Action item — Print every line of the listing below, starting with the line that holds "C’est une réplique" and going on through the line that holds "nSome of the", both included, and print nothing else.

Entries shown —
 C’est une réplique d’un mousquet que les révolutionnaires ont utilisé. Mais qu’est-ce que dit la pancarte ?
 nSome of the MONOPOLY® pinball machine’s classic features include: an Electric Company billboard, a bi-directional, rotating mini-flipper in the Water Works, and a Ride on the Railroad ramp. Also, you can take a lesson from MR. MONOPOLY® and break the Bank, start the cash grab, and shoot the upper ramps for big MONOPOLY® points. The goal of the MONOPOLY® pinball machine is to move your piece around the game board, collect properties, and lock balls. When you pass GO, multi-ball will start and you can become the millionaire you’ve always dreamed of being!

---

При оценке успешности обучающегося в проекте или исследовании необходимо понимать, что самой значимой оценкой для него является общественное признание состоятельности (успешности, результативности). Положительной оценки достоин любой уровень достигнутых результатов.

Solution below —
 C’est une réplique d’un mousquet que les révolutionnaires ont utilisé. Mais qu’est-ce que dit la pancarte ?
 nSome of the MONOPOLY® pinball machine’s classic features include: an Electric Company billboard, a bi-directional, rotating mini-flipper in the Water Works, and a Ride on the Railroad ramp. Also, you can take a lesson from MR. MONOPOLY® and break the Bank, start the cash grab, and shoot the upper ramps for big MONOPOLY® points. The goal of the MONOPOLY® pinball machine is to move your piece around the game board, collect properties, and lock balls. When you pass GO, multi-ball will start and you can become the millionaire you’ve always dreamed of being!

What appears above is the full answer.